**Exercise requirements**: Below are some records. Copy every line in them that holds "with".

--*--

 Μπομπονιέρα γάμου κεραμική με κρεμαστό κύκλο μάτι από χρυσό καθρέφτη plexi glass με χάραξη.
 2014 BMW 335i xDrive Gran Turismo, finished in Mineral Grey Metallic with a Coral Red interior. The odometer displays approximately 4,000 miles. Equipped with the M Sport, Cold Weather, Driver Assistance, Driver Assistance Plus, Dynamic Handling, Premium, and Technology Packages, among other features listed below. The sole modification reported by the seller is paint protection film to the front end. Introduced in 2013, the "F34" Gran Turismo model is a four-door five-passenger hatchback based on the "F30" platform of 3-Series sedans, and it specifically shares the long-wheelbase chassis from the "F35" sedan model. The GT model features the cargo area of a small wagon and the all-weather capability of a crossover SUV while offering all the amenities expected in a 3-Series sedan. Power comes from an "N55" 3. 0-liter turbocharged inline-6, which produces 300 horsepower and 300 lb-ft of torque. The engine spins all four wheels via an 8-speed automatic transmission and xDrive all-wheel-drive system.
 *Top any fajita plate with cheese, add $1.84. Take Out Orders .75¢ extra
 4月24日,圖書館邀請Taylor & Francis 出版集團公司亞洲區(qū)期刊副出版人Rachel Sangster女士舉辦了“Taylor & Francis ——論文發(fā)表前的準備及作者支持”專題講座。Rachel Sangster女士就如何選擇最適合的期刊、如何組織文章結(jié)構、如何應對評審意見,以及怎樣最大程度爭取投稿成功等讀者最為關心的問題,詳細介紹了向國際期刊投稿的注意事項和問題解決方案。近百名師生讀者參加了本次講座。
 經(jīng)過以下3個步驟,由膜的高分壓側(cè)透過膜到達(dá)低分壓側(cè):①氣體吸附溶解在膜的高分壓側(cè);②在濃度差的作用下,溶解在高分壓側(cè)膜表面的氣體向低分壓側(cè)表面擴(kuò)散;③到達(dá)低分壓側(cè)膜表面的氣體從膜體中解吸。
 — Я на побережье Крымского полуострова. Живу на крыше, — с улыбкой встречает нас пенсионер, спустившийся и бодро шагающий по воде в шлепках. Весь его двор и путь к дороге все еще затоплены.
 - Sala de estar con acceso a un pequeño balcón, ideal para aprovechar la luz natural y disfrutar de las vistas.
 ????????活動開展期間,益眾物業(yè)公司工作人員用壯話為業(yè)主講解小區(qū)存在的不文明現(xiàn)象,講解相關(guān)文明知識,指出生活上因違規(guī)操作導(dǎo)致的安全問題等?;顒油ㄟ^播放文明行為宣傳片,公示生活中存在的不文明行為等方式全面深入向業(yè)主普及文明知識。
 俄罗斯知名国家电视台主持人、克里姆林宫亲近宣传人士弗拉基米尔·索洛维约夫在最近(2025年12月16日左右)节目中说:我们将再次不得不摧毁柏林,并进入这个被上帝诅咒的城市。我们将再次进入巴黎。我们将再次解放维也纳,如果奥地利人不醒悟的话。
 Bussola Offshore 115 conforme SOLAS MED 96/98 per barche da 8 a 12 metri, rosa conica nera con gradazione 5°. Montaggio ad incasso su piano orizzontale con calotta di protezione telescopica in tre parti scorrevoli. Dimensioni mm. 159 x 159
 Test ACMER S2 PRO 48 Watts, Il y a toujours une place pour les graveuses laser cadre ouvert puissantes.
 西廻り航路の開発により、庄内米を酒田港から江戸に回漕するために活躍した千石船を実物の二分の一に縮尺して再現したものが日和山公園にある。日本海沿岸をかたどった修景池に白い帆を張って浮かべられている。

--*--

**Worked solution**:
 2014 BMW 335i xDrive Gran Turismo, finished in Mineral Grey Metallic with a Coral Red interior. The odometer displays approximately 4,000 miles. Equipped with the M Sport, Cold Weather, Driver Assistance, Driver Assistance Plus, Dynamic Handling, Premium, and Technology Packages, among other features listed below. The sole modification reported by the seller is paint protection film to the front end. Introduced in 2013, the "F34" Gran Turismo model is a four-door five-passenger hatchback based on the "F30" platform of 3-Series sedans, and it specifically shares the long-wheelbase chassis from the "F35" sedan model. The GT model features the cargo area of a small wagon and the all-weather capability of a crossover SUV while offering all the amenities expected in a 3-Series sedan. Power comes from an "N55" 3. 0-liter turbocharged inline-6, which produces 300 horsepower and 300 lb-ft of torque. The engine spins all four wheels via an 8-speed automatic transmission and xDrive all-wheel-drive system.
 *Top any fajita plate with cheese, add $1.84. Take Out Orders .75¢ extra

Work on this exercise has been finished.